# Rust Proofing



## city_dub (Jun 17, 2008)

Not sure where else to post this but I was curious when I should do rust proofing on my car. I've read many things and don't know what to believe. I've heard once a year, I've heard before the winter, I've heard even withing first few months of a brand new car. Any ideas?
Thanks


----------



## MKII Golfman (Apr 21, 2002)

*Re: Rust Proofing (city_dub)*

Once a year in the fall. Some people like to do it twice a year but thats overkill.

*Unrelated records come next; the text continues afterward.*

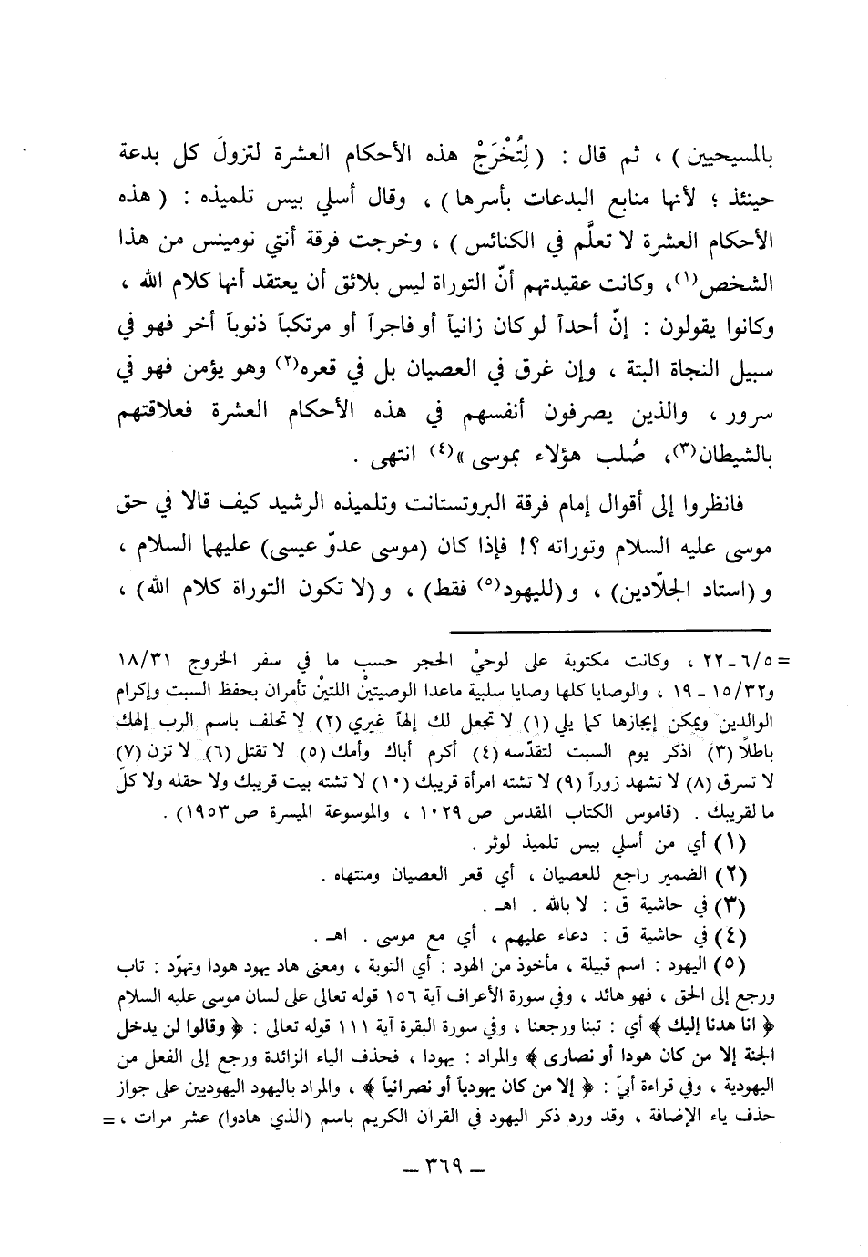 يصرفون أنفسهم في هذه الأحكام العشرة فعلاقتهم بالشيطان، صُلِب هؤلاء بموسى" فانظروا إلى أقوال إمام فرقة البروتستنت وتلميذه الرشيد كيف قالا في حق موسى عليه السلام وتوراته، فإذا كان موسى عدو عيسى عليهما السلام وأستاذ الجلادين، ولليهود فقط ولا يكون التوراة كلام الله،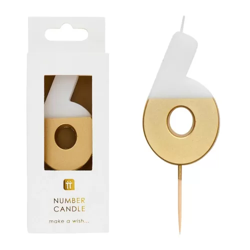 White & Gold Number Candle – 6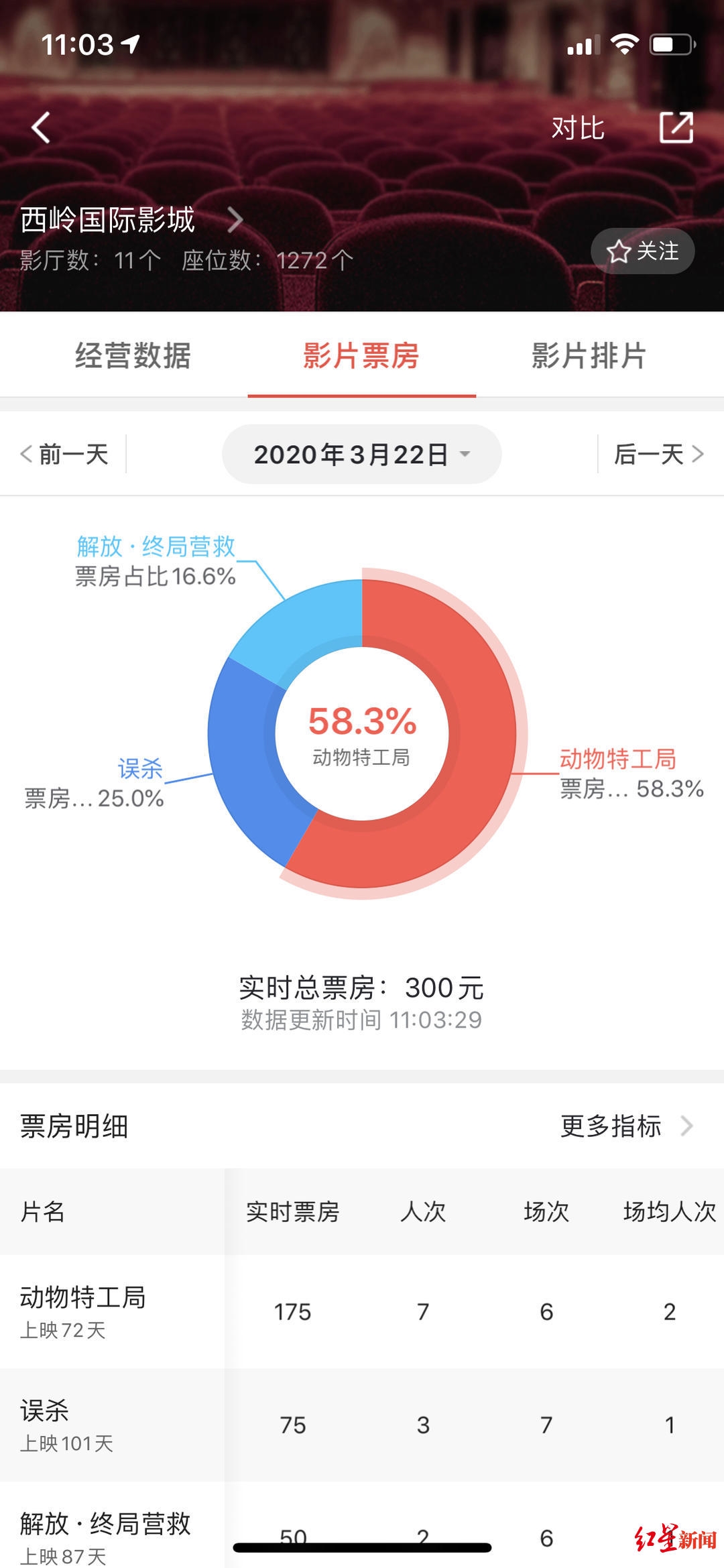 红星新闻记者在猫眼专业版看到,当日该影城排了《动物特工局》《解放·终局营救》《误杀》三部电影,截至红星新闻记者发稿时,该影城当日售出电影票12张,实时票房300元。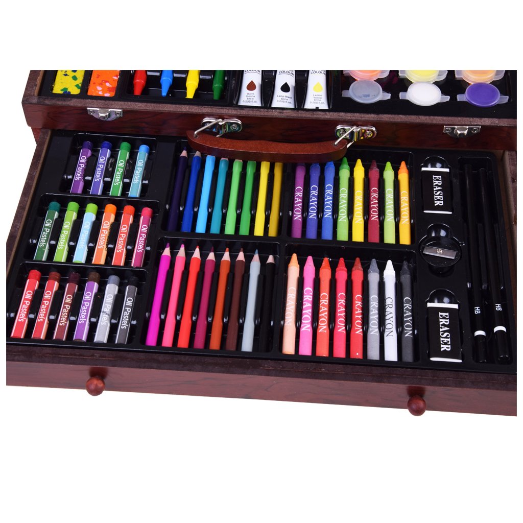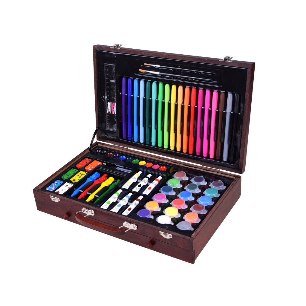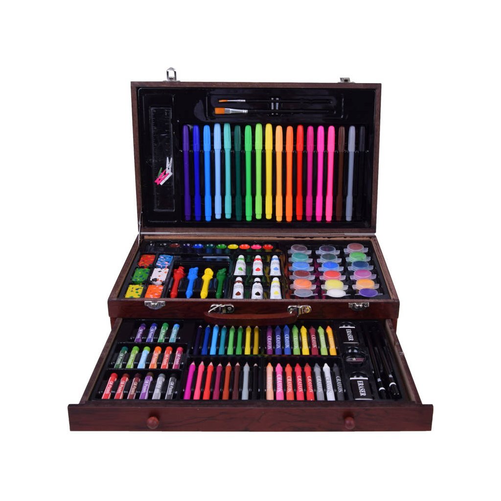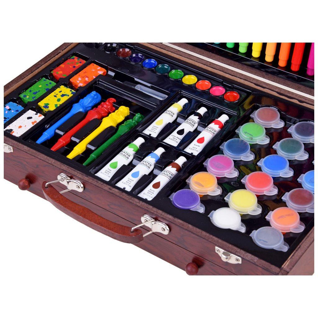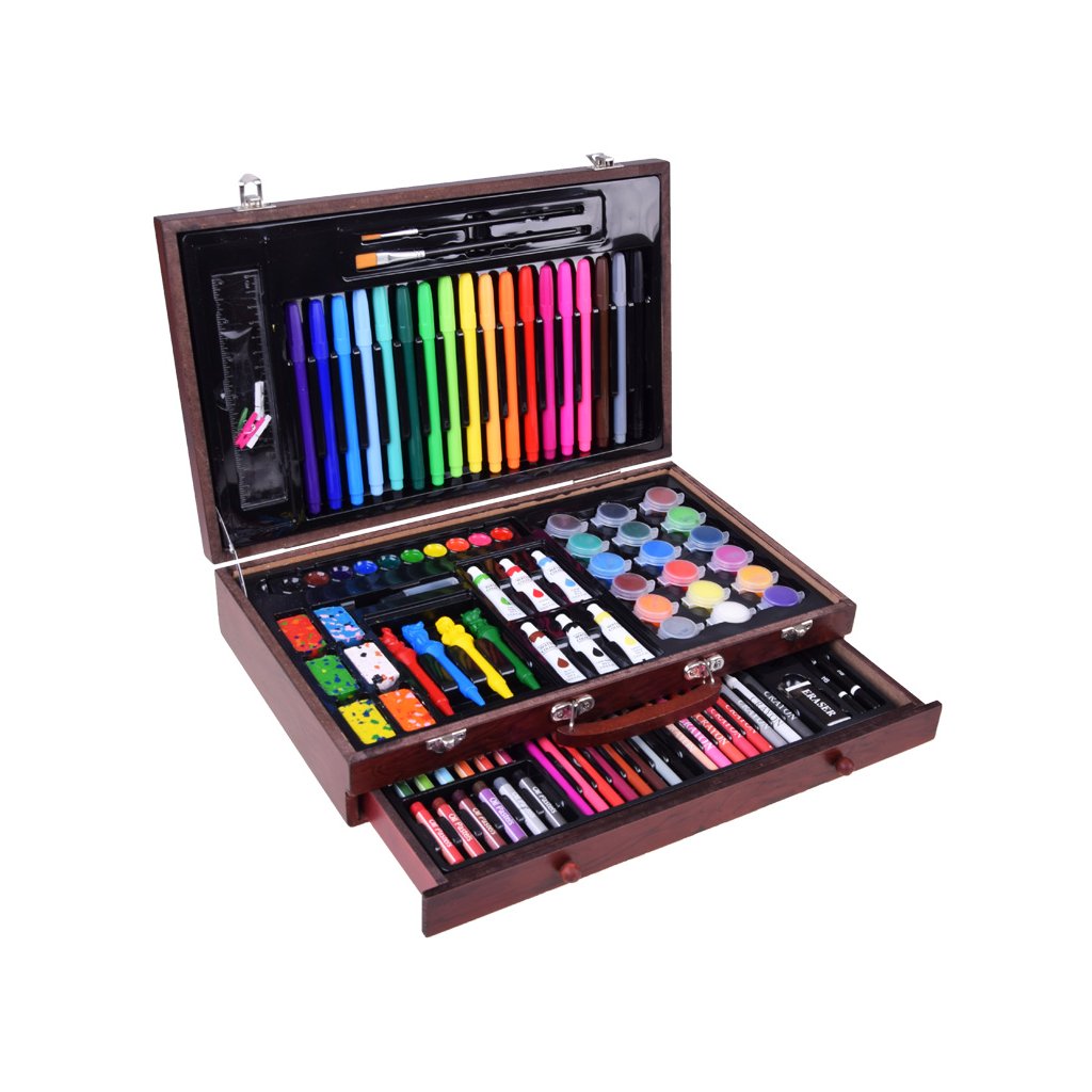 Umelecký set drevený kufor 123 dielov – výtvarné potreby AP0004

Once a year is fine and you can do some touch ups with a small can of Krown in areas where the oil washes away, ie door hinges, rockers, etc...


----------



## city_dub (Jun 17, 2008)

*Re: Rust Proofing (MKII Golfman)*

Once a year in the Fall sounds good to me. Know any good places?


----------



## MKII Golfman (Apr 21, 2002)

*Re: Rust Proofing (city_dub)*

not in your area. I used to get my MKII done by a mobile group that went to businesses and hit a dozen cars at a time and gave cash deals. They didn't skimp on the oil either








Alot of places charge alot so be careful, you shouldn't have to pay more than $80 for a good job. It might cost more the first time around if the car hasn't been drilled though.


----------



## city_dub (Jun 17, 2008)

I got a quote of $100 from Krown with drilling.


----------



## MKII Golfman (Apr 21, 2002)

*Re: (city_dub)*

Get R Done!


----------



## staceyk (Mar 5, 2007)

i've heard that you should do it in the spring. 
corrosion does not occur below 0 deg centegrate. all rust occurs at the end of winter so take the car in for a cleaning+rust proof in feb-apr (depending on where ur from).


----------



## city_dub (Jun 17, 2008)

So you do it every spring?


----------



## city_dub (Jun 17, 2008)

Anyone know a good place in the GTA?


----------